Adding an index is an easy action in that the table’s data does not really change.

In case #1, all you need to do is to add the new index (if the table is large, fail over from M1 to M2). There is no application upgrade, so all that happens is that the database upgrades V1 -> V2.

In case #2, the database must be prepared with new schema before the new functionality/query is introduced (since it depends on the existence of the index). The steps, therefore, are:

  1. DB: V1 -> V2 (possibly failover from M1 to M2)
  2. (Sometime later) App: V1 -> V2. Application will issue queries which utilize the new index.

The application does not have to be upgraded at the same instant the DB gets upgraded. In fact, we’ll see that this is a typical scenario: we can separate upgrades into smaller steps, which allow for time lapse. One could work out steps 1 & 2 together, but that would take an extra effort.

ADD COLUMN

This must be one of the most common table schema upgrades: a new property is needed on the application side. It must be supported by the database. Perhaps a new field in some Java Object, with Hibernate mapping that field onto a new column. Or maybe the new column is there for purpose of de-normalization.

This is also a more complicated task. Let’s look at the required steps:

  1. DB: V1 -> V2 (possibly failover from M1 to M2), change is ADD COLUMN.
  2. App: V1 -> V2. Change is: provide column value for newly INSERTed rows.
  3. If needed, retroactively update column values for all pre-existing rows.
  4. App: V2 -> V3. Application begins to use (read, SELECT) new column.

The above procedure assumes that the new column must have some calculated value. A 10-million rows table must now be updated, to have the correct values filled in. So we ask of the application to start filling in data for new rows, which makes the invalid row set static. We can just take a “from row” and a “to row” and fill in the missing column’s value for those rows. Only when all rows contain valid values can we let the application start using that row. This makes for two application upgrades.

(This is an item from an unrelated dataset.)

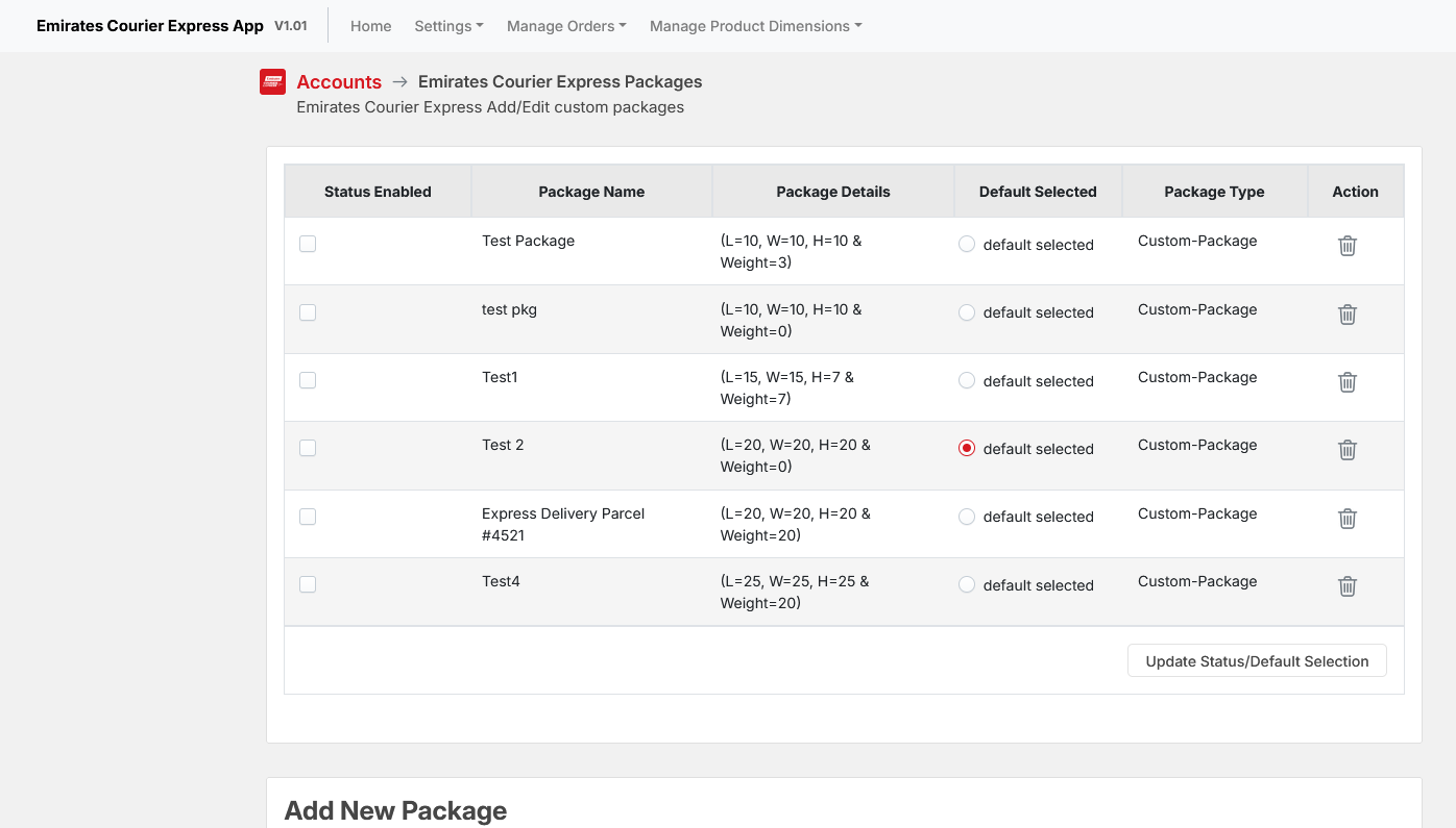 One of the most useful features in the Emirates Courier Express App is the ability to add custom package sizes, ensuring accurate shipping quotes and optimised logistics for your products.

If you’re content with just a static DEFAULT value, then step 3 can be skipped, and step 4 can be merged with step 2.

ADD UNIQUE INDEX

This is an altogether different case than the normal ADD INDEX, even though they may seem similar. And the case is particularly different when using Master-Slave failover for rebuilding the table.

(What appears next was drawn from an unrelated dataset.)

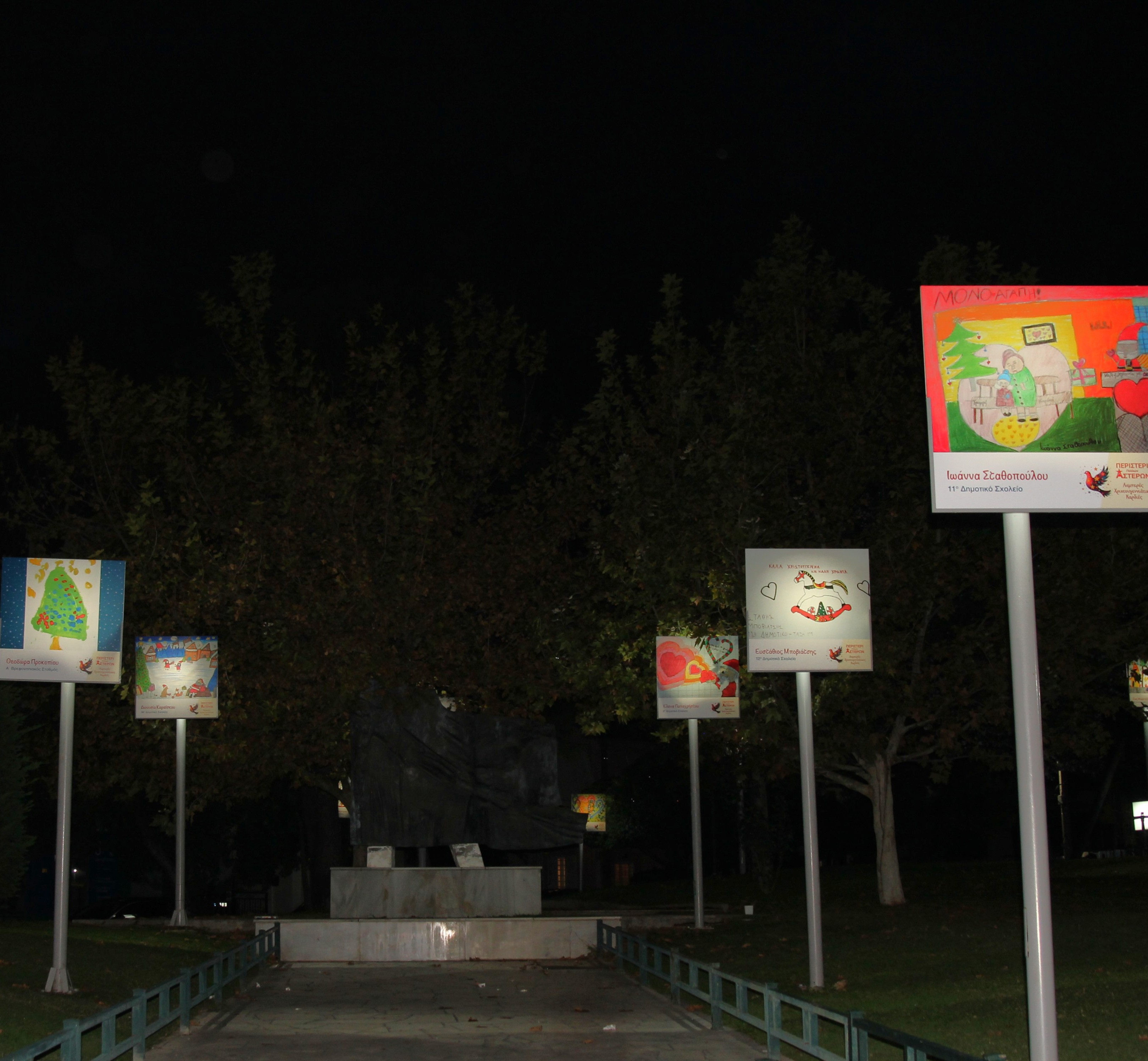 Ο Δήμος Περιστερίου φωτίζει και ομορφαίνει με τα έργα των μικρών ζωγράφων με θέμα: «Περιστέρι Πολλών Αστέρων - Λαμπερές Χριστουγεννιάτικες καρδιές», μία από τις κεντρικότερες πλατείες της πόλης, την πλατεία Εθνικής Αντιστάσεως (έναντι ΟΤΕ) από τις 4 Δεκεμβρίου 2024 έως και τις 6 Ιανουαρίου 2025.

Consider the case where we add a UNIQUE INDEX on a slave. Some INSERT query executes on the master, successfully, and is logged to the binary log. The slave picks it up, tries to execute it, to find that it fails on a DUPLICATE KEY error.

The UNIQUE INDEX is a constraint, and it makes the slave more constrained than the master. This is a delicate situation. Here how to (mostly) work it out:

  1. App: V1 -> V2. Change INSERT queries on relevant table to INSERT IGNORE or REPLACE queries, whichever is more appropriate.
  2. DB: V1 -> V2 (possibly failover from M1 to M2), change is ADD UNIQUE KEY (and while at it, a tip: are you aware of ALTER IGNORE TABLE?)

The change of query ensures that the query will succeed on the slave (either by silently doing nothing or by actually replacing content). It also means that the slave can now have different data than the master. Of course, it you trust your application to never INSERT duplicates, you can sleep better.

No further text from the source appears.